In a letter to his wife, Sandy touched on one of the most salient parts of fighting your brother during a war: hoping to win while also hoping your brother — the enemy — survives uninjured. James and Sandy each had to fire at the opposing side, knowing his brother might be on the receiving end of the bullet. With no guarantee the other would not be in the line of fire, it must have been a gut-wrenching experience. Luckily, both the Campbells survived the war and remained close.

The McLaughlin family

The McLaughlins were another family that found themselves torn apart by the American Civil War, as brothers John and Henry McLaughlin were on opposing sides of the conflict. The family was originally from Indianapolis, but the brothers started to grow apart after Henry moved away to Florence, Alabama.

While fighting the war, the McLaughlin brothers were reunited, but in the worst way possible. During the Battle of Champion Hill on May 16, 1863, John's Federals were taking on Henry's Confederates, and the Federals came out victorious. However, after the battle Henry was confined in a Union prison after being captured by his older brother John. After his capture, Henry tried to plead with his Unionist sister that he was loyal to the United States like his brother, and she finally got President Abraham Lincoln to pardon Henry in 1865, after he'd spent more than a year and a half as a prisoner of war. It's unknown if the brothers ever reconciled, and John taking Henry into custody may very well have been their last interaction, which would be a true tragedy.

The Terrill family (from Kentucky)

For the Terrill family from Boone County, Kentucky, the Civil War was a tumultuous time, to say the least. During the war, the family found themselves completely fractured, with two brothers fighting for the Union and three for the Confederates (via the Boone County Public Library). In addition, many of their cousins and extended family also found themselves fighting in the war, and many of them were split, too. The Kentucky Terrills were related to the Virginia Terrill family that included brothers James, William Rufus, and Philip, all of whom died during the fighting and who were also divided between the Confederacy and Union.

For the Kentucky Terrills, it was William and Robert who fought for the Union, while George, Joshua, and Simeon all fought for the Confederates. In addition, a regiment of Black soldiers included two Terrills from Boone County, suggesting they might have been enslaved by members of the Terrill family before making their way to Union lines and joining the army to fight against their former enslavers (via the Boone County Public Library).

Only Simeon died during the war, with the four others surviving through the end. Incredibly, fighting for different sides did not seem to destroy their relationship, and they returned home after the war and lived without conflict. It shows how powerful the idea of family was for the Kentucky Terrills, who had a chance to heal that the Virginia Terrills never got.

The McIntosh brothers

While most brothers engage in competition and one-upmanship, James and John McIntosh took things to a whole new level during the Civil War. When the war broke out, James, the elder of the two, decided to secede with his native Florida and join the Confederacy. When James, who had previously been a member of the U.S. Army, left to join the Confederacy, his brother John joined the Union Army, perhaps to take his place. 
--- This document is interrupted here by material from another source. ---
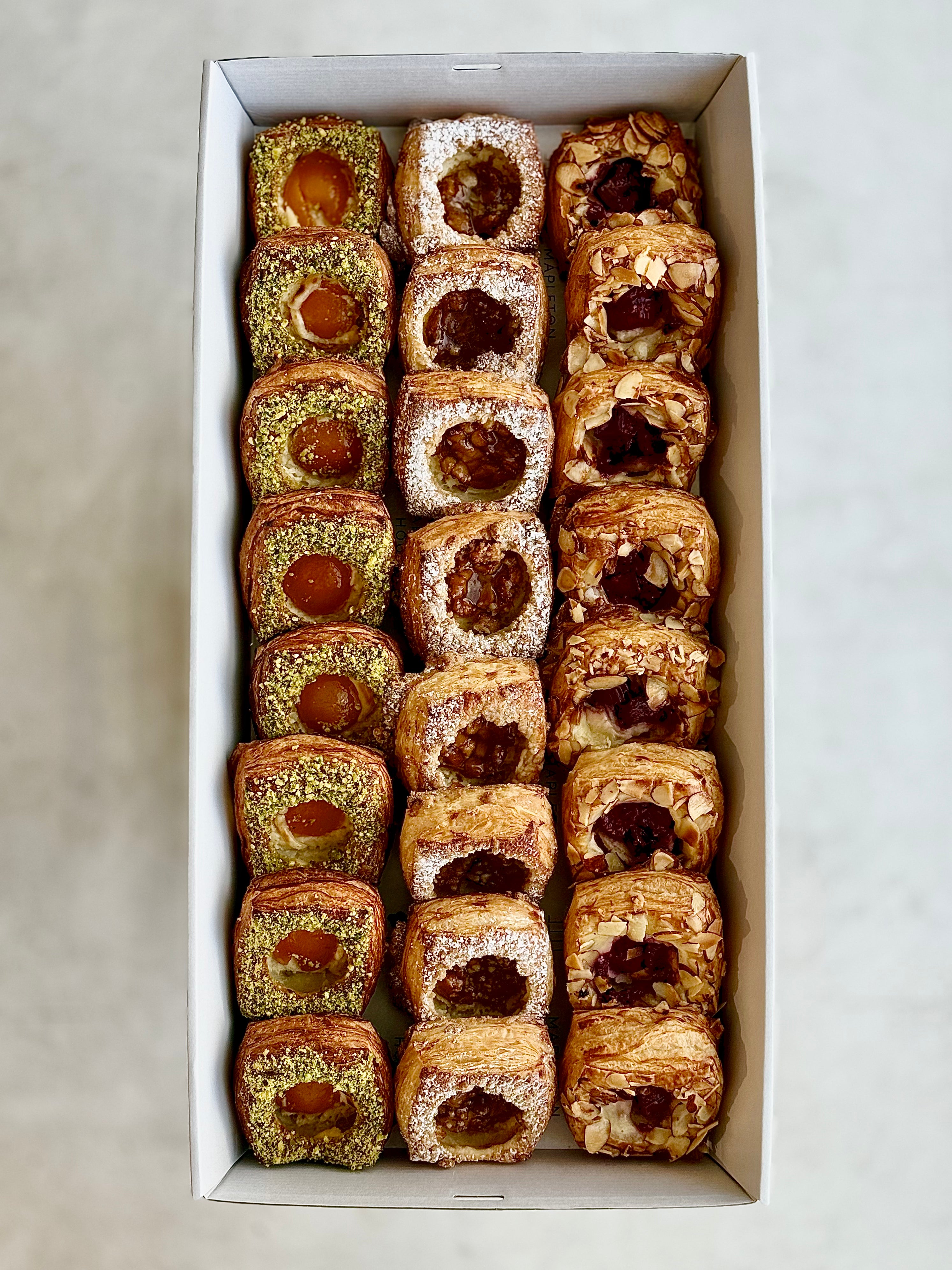 Box contains an assortment of 24 Danish Pastries.

Apparently, it was James leaving the Union for the Confederacy that spurred John's decision to enlist, as he was working as a businessman in New Jersey when the war began. As a member of the Union Army, John achieved the rank of brevetted major general at the end of the war, while James would get as high as brigadier general.

Unfortunately, the McIntosh brothers were never able to reconcile. James died during the Battle of Pea Ridge in 1862, and the McIntoshes became another family tragically torn apart by the Civil War.